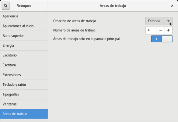 Aquí podemos marcar un numero de escritorios fijos a través de la opción "Creación de áreas de trabajo --> Estática" y marcar si queremos visualizar los iconos
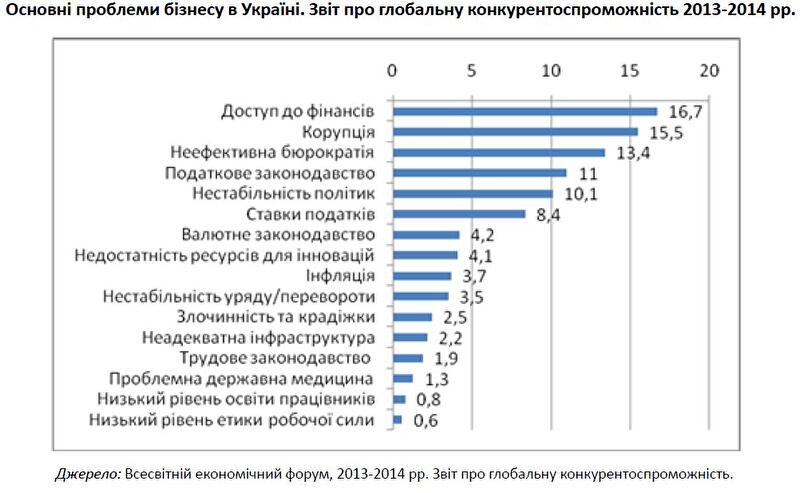 Еще одной проблемой для украинского бизнеса является низкий уровень конкуренции на внутренних рынках. Во многих сферах наблюдается высокая концентрация крупных предприятий, а показатели выхода на рынок новых фирм остаются низкими. В такой ситуации новым игрокам на рынке производства товаров и услуг трудно укрепить свои позиции, да и вообще выжить.
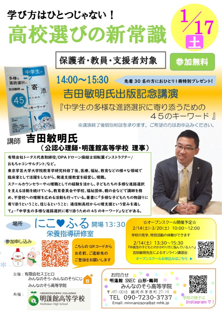 ■お問合せ明蓬館SNEC山形・鶴岡/みんなのそら高等学院TEL. 090-7230-3737 Email. minnanosora@at-mhk.jp
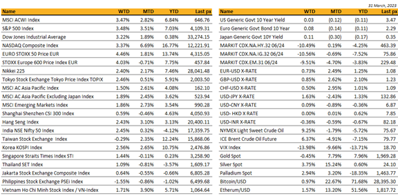 US markets ended March on a high on optimism that rate hikes by the Fed will end soon as economic data continued to point to cooling inflation. The Fed’s preferred inflation gauge, the PCE deflator showed price growth eased last month to 0.3% against views of 0.4% whilst the YoY rate came in at 4.6% versus expectations of 4.7%. This reading follows lower than expected CPI and PPI data released earlier in the month. A lower personal spending and a slowdown in personal income growth data fueled further expectations of a cooling inflation outlook. The U. of Mich. 1 Yr inflation expectation fell to 3.6% from 3.8% previously. Whilst this disinflation-train continue to buoy markets, skeptics are just as plenty with prominent money managers choosing not to chase the rally calling the expectations for easier Fed monetary policy are overblown with inflation still running hot. “Should any cuts come, they would be intended to halt an economic downturn that also would bode poorly for equity returns”, the thinking goes. Regardless, risk sentiment returned with the VIX closing below 19 on Friday. Concerns surrounding the last couple of weeks’ banking failures and liquidity crises eased following reports that the Fed Reserve’s lending to the banking sector declined by some $11 bln for the week to $153 bln.
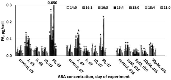 Minor FAs were also most affected by 1 and 50 μM ABA. Similarly to the major FAs, the effect of ABA on their synthesis was mitigated toward the end of the experiment. The greatest increase in the accumulation of the minor fatty acids (1–3% of TFA) was observed at 50 μM ABA on the third day, with myristic (C14:0), palmitoleic (C16:1), cis-hexadecatrienoic (C16:3), hexadecatetraenoic (C16:4), octadecanoic (C18:0), stearidonic (C18:4), and heneicosanoic (C21:0) acids demonstrating their maximum concentrations of 0.123, 0.249, 0.095, 0.650, 0.055, and 0.0421 pg/cell, respectively (Figure 4).
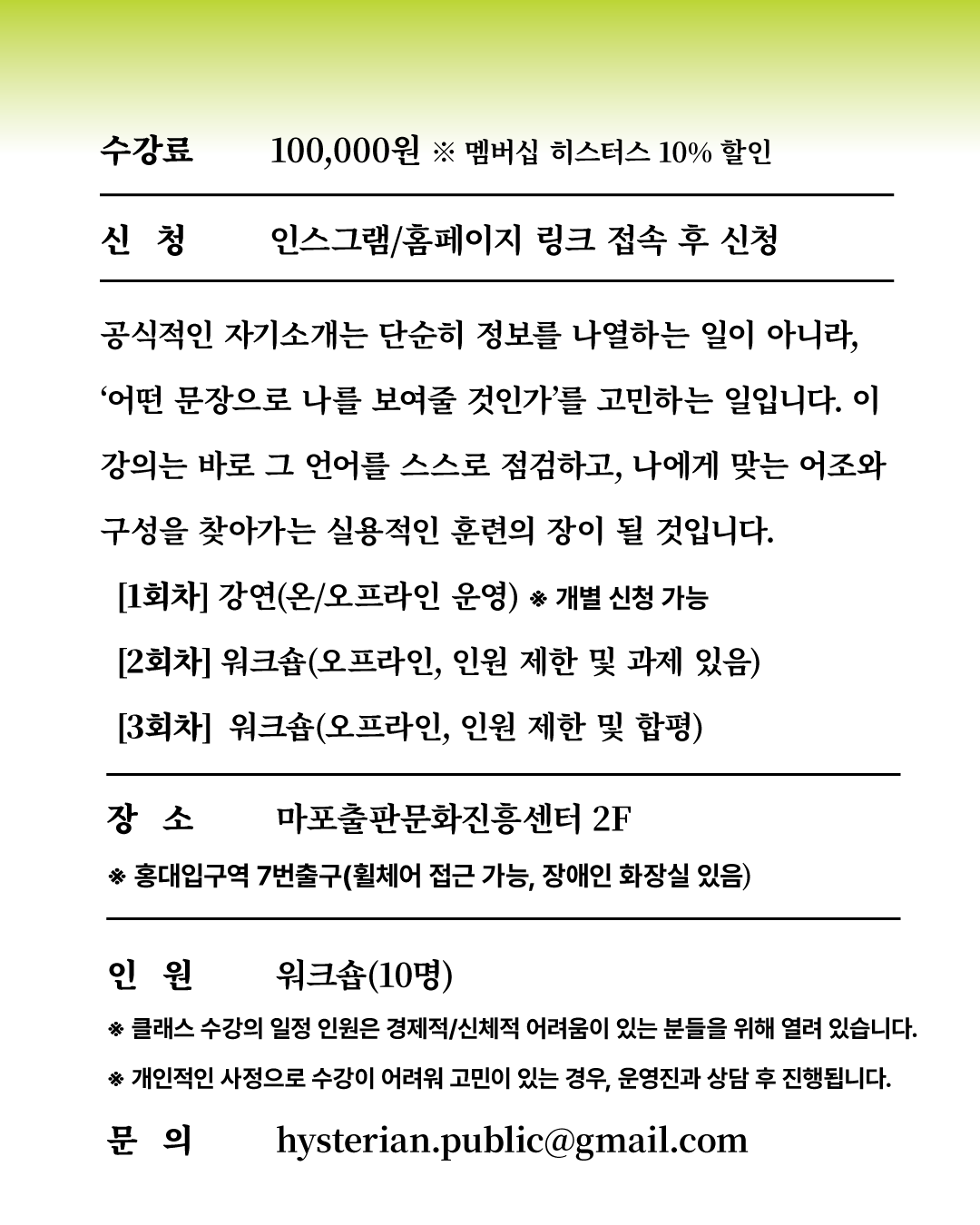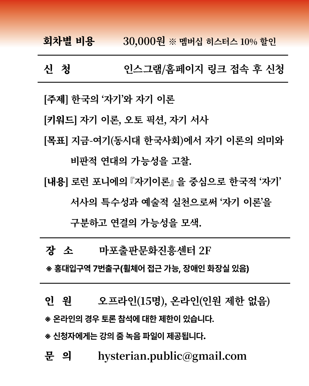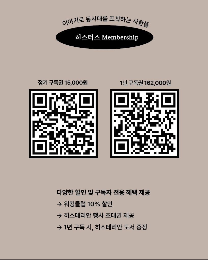 히스테리안은 멤버십 '히스터스'를 운영하여 읽고 쓰고, 영감을 공유하는 모임을 만들어가고 있습니다. 구독료는 히스테리안은 운영비와 함께 무언가를 만들어 갈 수 있는 플랫폼의 제반을 만드는데 사용하고 있습니다. 사이트 안에서 도서관/연구소/인쇄소를 운영하며 온/오프라인으로 모임을 확장하고 있습니다. 사이트는 지속적으로 이지윤 디자이너와 함께 개발중에 있구요. 편하고 가독성 높게 접근할 수 있도록 업데이트에 노력하고 있습니다. 그리고 모든 결제 시스템을 사이트 내로 진행하여 멤버십 할인 혜택과 적립금 사용까지 확장하려 합니다. 멤버십에 관심이 있으시다면 아래 문의주세요! 그리고 매월 마지막 달은 히스터스 데이로 멤버십을 가입하지 않더라도 참여할 수 있게 합니다. 궁금한 부분이 있다면 오프라인 모임에도 참여해주세요 :) 감사합니다! |
•••••
What the exercise asks: Repeat the lines of the listing above verbatim, beginning at its first line and ending at the line containing "090-7230-3737 Email. minnanosora@at-mhk.jp", which is included. Omit pictures.

Answer box:
 Aquí podemos marcar un numero de escritorios fijos a través de la opción "Creación de áreas de trabajo --> Estática" y marcar si queremos visualizar los iconos
 Еще одной проблемой для украинского бизнеса является низкий уровень конкуренции на внутренних рынках. Во многих сферах наблюдается высокая концентрация крупных предприятий, а показатели выхода на рынок новых фирм остаются низкими. В такой ситуации новым игрокам на рынке производства товаров и услуг трудно укрепить свои позиции, да и вообще выжить.
 ■お問合せ明蓬館SNEC山形・鶴岡/みんなのそら高等学院TEL. 090-7230-3737 Email. minnanosora@at-mhk.jp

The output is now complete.